On the second day we did a group practice.  We gathered our mats in a horseshoe around him, and then began doing yoga poses all together. Gradually, people began to reach their limits and stood to watch Raya perform with breathtaking ease. By the time the hour was up, he was the only one still going, dropping gracefully into Bridge pose from a handstand. No one there could help but be inspired.

Oh, and the Stories!

There was an element of the convention that happened spontaneously, facilitated by Raya, and his thirst to find out all he could about his teacher B. K. S. Iyengar or ‘Guruji’ as he called him (meaning ‘respected teacher’ in Hindi).

He asked all the Senior teachers to come up to the front during a break, and to tell their stories to those assembled. Gradually the entire convention had returned from their break and quietly joined to listen.

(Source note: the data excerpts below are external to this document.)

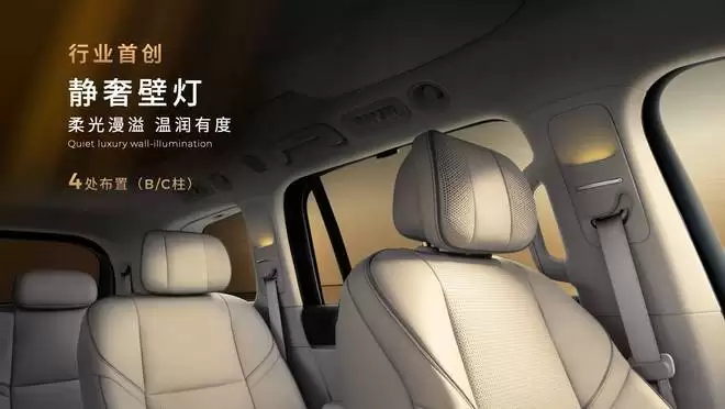 D19 车内还配备了智能香氛系统,提供三种香型与三档浓度调节;氛围灯则采用漫反射技术,支持 1600 万色无极调光,并在 B 柱与 C 柱新增了 4 处壁灯,并在二三排标配航空级阅读灯。
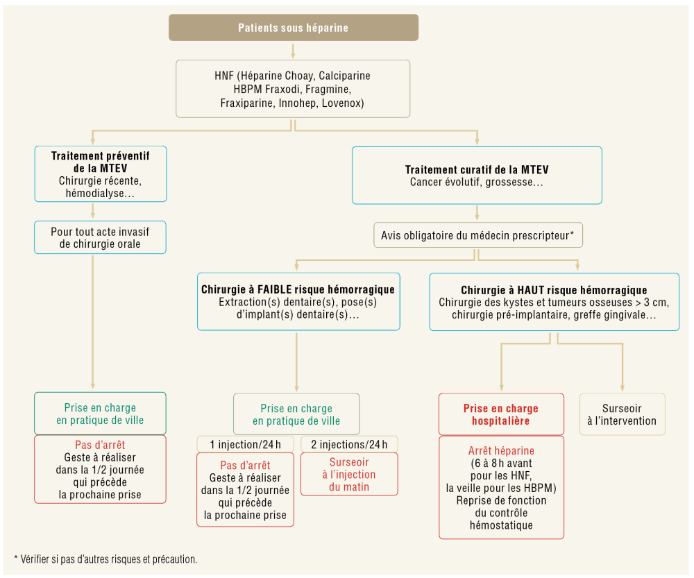 Pour les héparines : elles sont généralement prescrites chez des patients hospitalisés et rarement rencontrées en omnipratique. En cas d’intervention, leur prise en charge est bien spécifiée dans les recommandations (fig. 4).
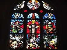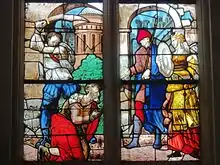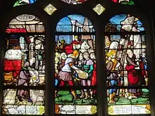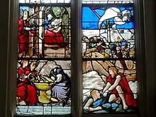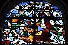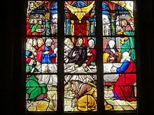 - La verrière dans la dernière travée du second bas-côté sud de la nef (n° 20) n'a pas de sujet fédérateur, et a vraisemblablement été recomposée à la base de bordures et divers fragments. Cette verrière est à trois lancettes trilobées, surmontées de deux losanges, d'un soufflet et de deux mouchettes. Les lancettes comportent, pour l'essentiel, du verre blanc et des bordures, ainsi qu'un écusson provenant de l'actuelle sacristie (de gueules à trois coquerelles d'or[46]) et un petit médaillon de grisaille. Il représente une femme assise et un homme sous ses pieds. À la bordure de ce médaillon, on lisait les mots : « Holopherne. Fortitudo ». Le soufflet contient des débris d'une Cène mal recomposés lors d'une restauration. Judas est encore reconnaissable par son habit jaune. L'abbé Marsaux indique que cette scène est souvent interprétée à tort comme les noces de Cana[47]. Dans les mouchettes, figurent des anges musiciens, et dans les losanges, des phylactères portent les mots « au commencement / était le verbe » (Jn 1,1).
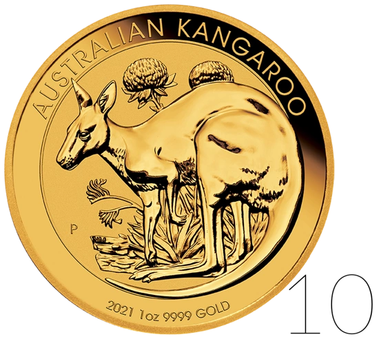 10x Australijski Kangur 1 uncja Złota 2021Cena: 16 644,07 zł / szt.

By the end, we were all wiping our eyes, or laughing, united in our enjoyment of the story-telling.

The Yoga Practice

Conventions are different to any other time you’ll practice yoga just down to the sheer numbers of people all doing it at the same time.

This can cause problems due to the close proximity and sheer lack of space: trying not to smack anyone in the face, trying to follow the directions coming through a microphone from the front of a very large hall, boiling in the sunny patch in the room, freezing under the air-conditioning…

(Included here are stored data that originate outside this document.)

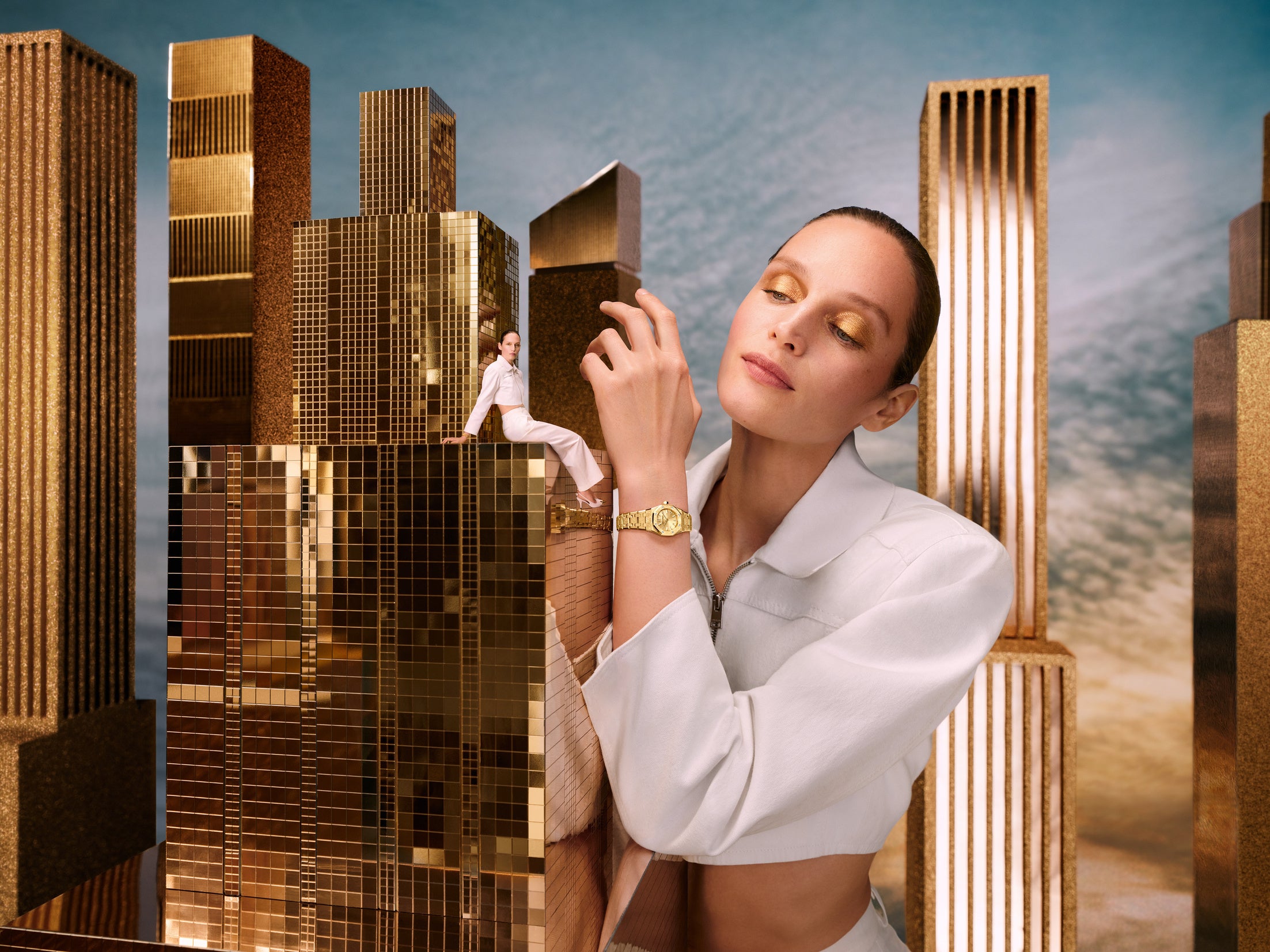 21世紀の幕開けを飾るクリエイティブな「ミニ ロイヤル オーク」にインスパイアされた、最新の「ロイヤル オーク ミニ フロステッドゴールド クォーツ」は伝統と現代性をパワフルなデザインで融合させ、グラムールな魅力を光の中に煌めかせています。
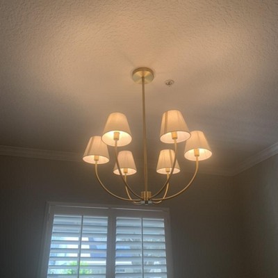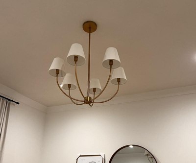 Spruce up your living area or dining room in chic style with this 6-Light Ceiling Chandelier from Threshold™ designed with Studio McGee. Boasting an open design, this metal chandelier features a 6-arm design that extends from a sleek metal body fitted with white shades to illuminate your modern living space. Plus, the simple design in a solid finish blends effortlessly with any decor style and color palettes. Install it above the dining room table to cast a welcoming glow over family dinners, or use it to anchor the design scheme in your living room.
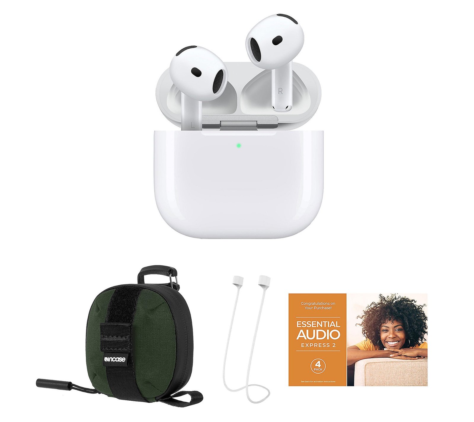 The next evolution of portable sound, the fourth-generation Apple AirPods with Active Noise Cancellation provide a totally transformed audio experience. Personalized spatial audio with dynamic head tracking places sound all around you, creating a three-dimensional listening experience, while adaptive EQ automatically tunes music to your ears. Powered by the H2 headphone chip and redesigned for comfort, the shortened stem with force sensor lets you control playback and calls with just a pinch and the oh-so-simple setup connects instantly to Apple devices (and your favorite personal assistant). And with the Active Noise Cancellation option, embrace the option to block out the world around you when you need to focus. This bundle also comes with useful accessories, including a neck wrap and case. Includes fourth-generation Apple® AirPods® with with Active Noise Cancellation and USB-C charging case; magnetic neck wrap, Incase transfer case, and voucher H2 headphone chip Bluetooth 5.3 wireless technology Custom high-excursion Apple driver Custom high dynamic range amplifier Active Noise Cancellation Adaptive Audio Transparency mode Conversation Awareness Voice Isolation Personalized spatial audio with dynamic head tracking Adaptive EQ Vent system for pressure equalization Dual beamforming microphones; inward-facing microphone Motion- and speech-detecting accelerometer Optical in-ear sensor Force sensor Charges via USB-C port Imported Set a Reminder Save Reminders

But the overall feeling is one of being part of a yoga community. Yoga can be quite a lonely activity. The real yoga happens at home on your mat, and it’s just you and your body. At a convention there are the communal grunts when being held in a pose for a long time, the collective gasps as we’re told to go into a difficult pose, the united sinking into peace and stillness at the end of the sessions.

The Special Bits

There were a couple of moments where the true meaning of yoga, ‘union’ became manifest.

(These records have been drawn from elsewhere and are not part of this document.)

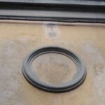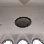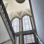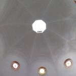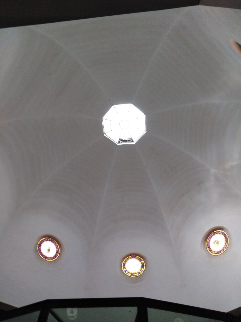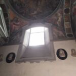 Accesso in legno e matallo, bordi circolari delle vetrate in mattoni, cornici interne in pietra serena, pietrame in pietra serena di Santa Brigida, vetrata posta a chiusura della cupola in metallo e vetro, vetrate che chiudono gli oculi del tamburo in metallo e vetro
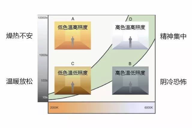 人對(duì)色溫的喜好還與照度水平有相應(yīng)的關(guān)系,不同的色溫及照度組合,會(huì)通過人的視覺令人產(chǎn)生不同的精神狀態(tài)及心理感受,所以色溫及照度組合的正確選擇是決定整個(gè)環(huán)境舒適度的基礎(chǔ)。下圖給出了不同照度水平下不 同色溫所產(chǎn)生的不同印象:
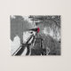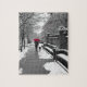 Unter der Überdachung eines roten Regenschirmes, geht eine Frau ihr Hund an einem winterlichen Tag.
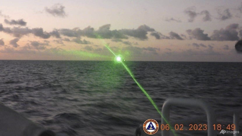 - The China Coast Guard in February pointing a “military-grade” laser at crew members of a Philippine Coast Guard ship
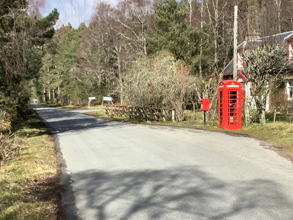 Nearly 50 years ago I was on holiday here with Maggie and my sister Deborah one Easter. We drove down this dead end road to Glen Feshie and my old Morris Minor packed in during a blizzard. I told the girls to stay safe and I set off to find a phone to call the RAC. This is the phone box I used all those years ago. I just couldn’t understand the woman from Inverness at the RAC centre there, it was so strong an accent that it was like a foreign language. I gave up and was walking back to the car when I heard it coming down the road. Maggie had kept trying to start it and had succeeded. She didn’t know how to drive but managed to get it moving in first gear and drove two miles down the Glen in first. What a catch!
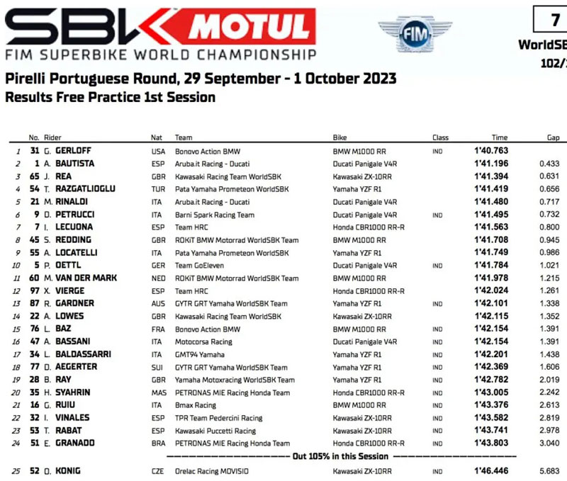 Good work from Garrett Gerloff on the BMW as he takes P1 👏 #PRTWorldSBK 🇵🇹 pic.twitter.com/UNOpqIZkxi

As Raya was bringing us out of Savasana on the second day he said, “That’s it.”  We all slowly sat up. No one spoke. Over 400 people were still, no buzz, no chatter, no gathering of stuff. Raya had said it, ‘that’s it’ – or rather, ‘this is it’ — everyone in that hall was united in the quiet of the present moment.

The second moment was again felt through the quiet of Savasana, but the unity was expressed through word and song. At the very end of the convention Raya asked one of the Senior Teachers if she would read out the first two verses of the Atma Satkam, or Song of the Soul. He then sung them in Sanskrit:

“I am neither ego nor reason, I am neither mind not thought,
I cannot be heard nor cast into words, not by smell nor sight ever caught:
In light and wind I am not found, not yet in earth and sky –
Consciousness and joy incarnate, Bliss of the Blissful am I.”

The sound of those voices, one speaking in English, the other singing in Sanskrit, was a multi-dimensional unity merging cultures, time and space.

The After-Effects

By the time I got home I was literally spent. Mentally, physically and emotionally. This may be because it was my first ever convention and I didn’t pace myself well enough, or it might just be that six hours of yoga a day is exhausting!

However, the effect of being away from home, away from any other influences and being taught alongside so many other yogis was truly inspiring and has given me a real boost. I can’t wait till the next one.